Materials and methods

Test products

The test articles listed in (Vagisil Feminine Moisturizer, personal lubricant and moisturizer, and CareOne Douche) were purchased over the counter and were stored completely sealed, in their original box, at room temperature. The selection of products was made based on availability and public knowledge on each of the products. Once purchased, each product was screened to check for sterility. This was done by seeding each product undiluted over agar plates. None of the products showed any bacterial growth in this test. Phosphate-buffered saline (PBS) (Invitrogen by Life Technologies, Carlsbad, CA) and keratinocyte serum-free medium (KSFM) (Invitrogen, Carlsbad, CA) supplemented with epidermal growth factor, bovine pituitary extract, and CaCl2 as described Citation12 were obtained from Invitrogen, Carlsbad, CA. Nonoxynol-9 (N-9) was obtained from Personal Products Company (Skillman, NJ) Citation13 and diluted to 2% with KSFM. For assessing their effect on bacterial growth, all products were applied at 1:1 ratio over the bacterial suspensions.

Table 1. pH level along with ingredients listed on OTC product package

Preparation of bacterial suspension and treatment

L. crispatus was originally isolated from vaginal swab samples from healthy women participating in a vaginal microflora research study and then characterized and expanded in the laboratory of Dr. A. Onderdonk, Brigham and Women's Hospital Citation14. Once the volume needed was calculated, the frozen bacterial stocks were thawed in a room temperature water bath. The desired volume was transferred into a 50 mL tube and centrifuged down at 5000g× for 10 min at 25°C. After discarding the supernant, the bacterial pellet was resuspended in KSFM cell culture medium to the concentration of 7 × 106 CFU/mL. Hundred microliter of the bacterial suspension was then added over 100 microliter undiluted product in 96-well tissue culture plates (Becton Dickson and Company, Franklin Lakes, NJ). The designated plates were then incubated on an orbital shaker in an anaerobic chamber (AnaeroPack System, PML Microbiologicals, Wilsonville, OR) at 35°C for 24 h or 2 h. From the 200 µl of test products along with bacterial suspension, three replicates within the same tissue culture plate were made. Each replicate contained 50 µl of the mixture of product and bacteria, along with 50µl of 50% glycerol, and was cryopreserved at −80°C.

Dilution of test plates

To assess colony forming units, the bacterial suspensions in KSFM or in test product collected at each time point were serially diluted using 1× PBS. The first row of the 96-well plate contained L. crispatus along with the product. The following rows contained the desired amount of dilution in PBS achieved by transferring desired volume from one row to another using multichannel pipettes, and when the product had high viscosity, we used positive displacement pipettes (Gilson Medical Electronics through Fisher Scientific, Pittsburgh, PA).

Seeding bacteria over agar plates

Brucella Agar Plates with 5% sheep blood, hemin, and vitamin K1 (BD, Franklin Lakes, NJ) were brought out from refrigerator to adjust to room temperature for 10 minutes. A pipette tip was used to mark either halves or thirds or the agar surface. After the serial dilutions of L. crispatus plus product were made, 30 µl was taken from a single well and was spread out over the agar, using a Steriloop (Fisher Scientific, Pittsburgh, PA). The plates were then incubated in an anaerobic chamber for 48–72 h, or until there were visible colonies.

Colony forming units counts

Bacterial colonies were counted in the agar plates.
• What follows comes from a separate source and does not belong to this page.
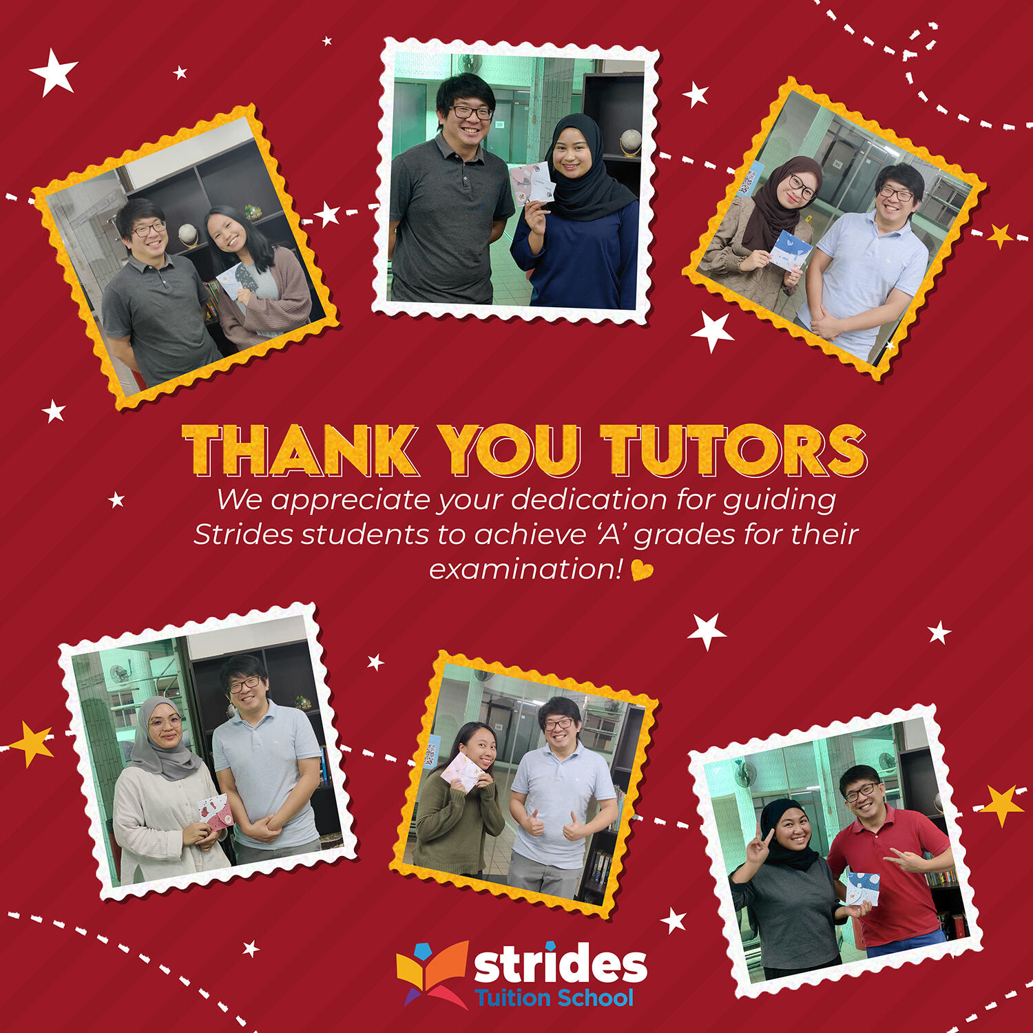 Strides' tutors are highly qualified tutors. They've aced the high school curriculum their students are now facing. Strides have undergone a rigorous selection process to ensure that the team is well-qualified for the role and tutors are licensed by the Ministry of Education (MOE).For all interested applicants: Does the above sound like you? Click here to join the team!

The data was then entered into Excel, multiplied by the dilution factor, and transformed logarithmically (log10). The average log10 data from all dilutions that generated countable colony-forming units (CFU) for each culture in each experiment were used for statistical analysis of the triplicate cultures conducted in at least two independent seeding experiments for each time point and product.
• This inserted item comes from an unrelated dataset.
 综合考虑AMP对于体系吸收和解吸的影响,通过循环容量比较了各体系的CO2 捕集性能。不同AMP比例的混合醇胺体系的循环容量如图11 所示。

Preparation of vaginal epithelial cells and seeding over 96-well plates

We utilized for this study an immortalized vaginal keratinocyte cell line (Vk2/E6E7), which maintains the differentiation patterns and phenotypic characteristics of its normal human tissue of origin Citation12 Citation15 Citation16. Vaginal cells were grown in a T75 flask using KSFM medium. Once grown to confluence, the cells were trypsinized. After decanting the old medium, 5 mL of warm trypsin was added and the flask was tipped back and forth to wash away any dead cells. After removing the trypsin, 10 mL of fresh trypsin was added and incubated for 10 min at 37°C. After seven minutes, detachment of cells was checked under a microscope. Once enough cells were detached, equal volume of neutralization medium was added on top of the trypsin. The cell suspensions were then spun down at 500 g for 10 min. Next, the supernatant was decanted, and the cells were resuspended in 2 mL of antibiotic-free medium (AB-) and counted. The cell density was adjusted to 3 × 105/mL and the suspension transferred to a sterile reservoir. Hundred microliter of suspension was transferred per a well into a 96-well plate. The plate was then incubated for at least 24 h before adding test products or bacterial coculture.
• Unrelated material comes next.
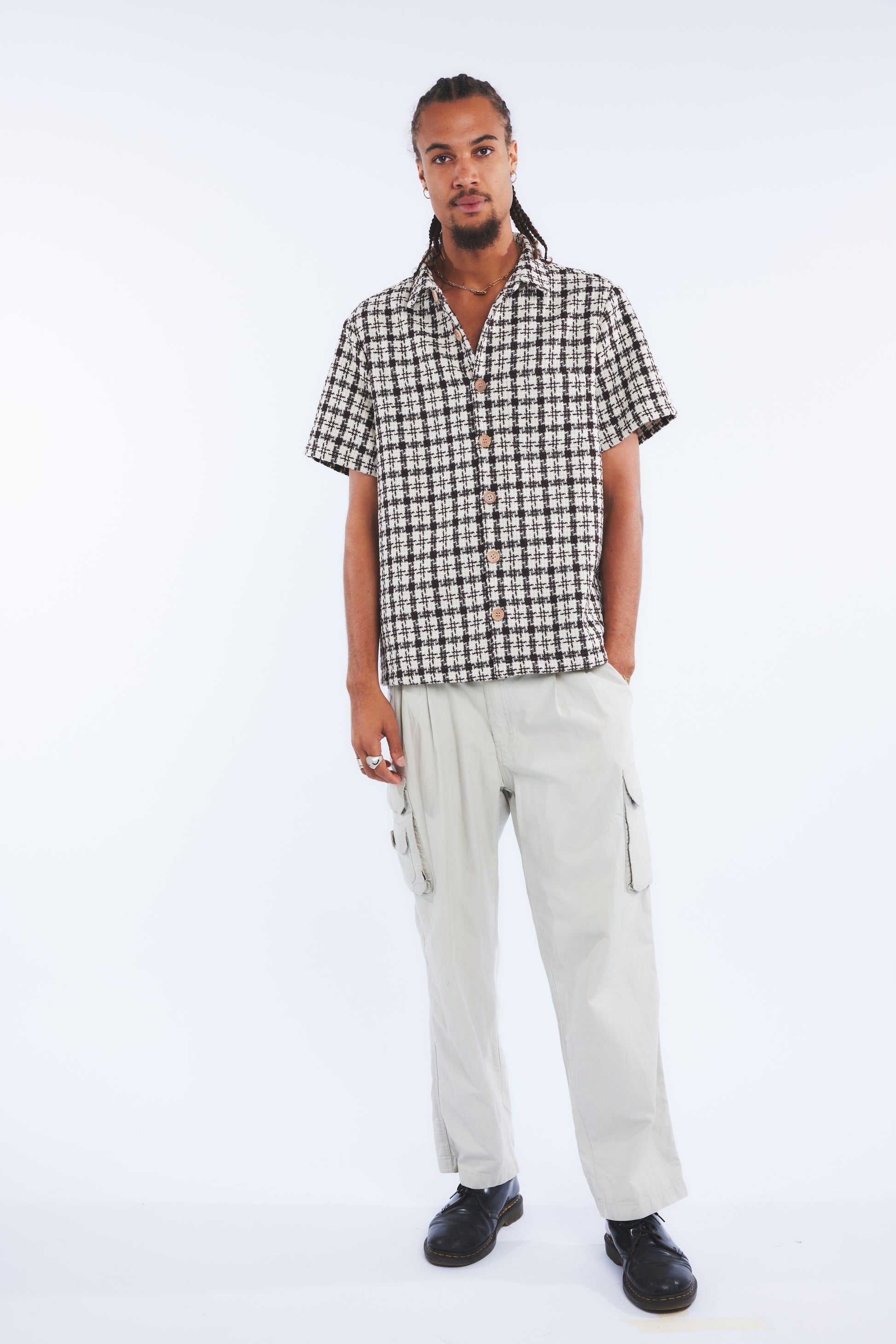 Heavyweight woven material in brown and cream to be dressed up and dressed down.

Epithelial cell viability and IL-8 measurement

Following 24h incubation with undiluted and diluted test products, epithelial cell viability was assessed by MTT assay as described Citation17. IL-8 levels were measured in cell culture supernatants using a Meso Scale Discovery (MSD) small-spot immunoassay and Sector Imager 2400 (Meso Scale Discovery, Gaithersburg, MD).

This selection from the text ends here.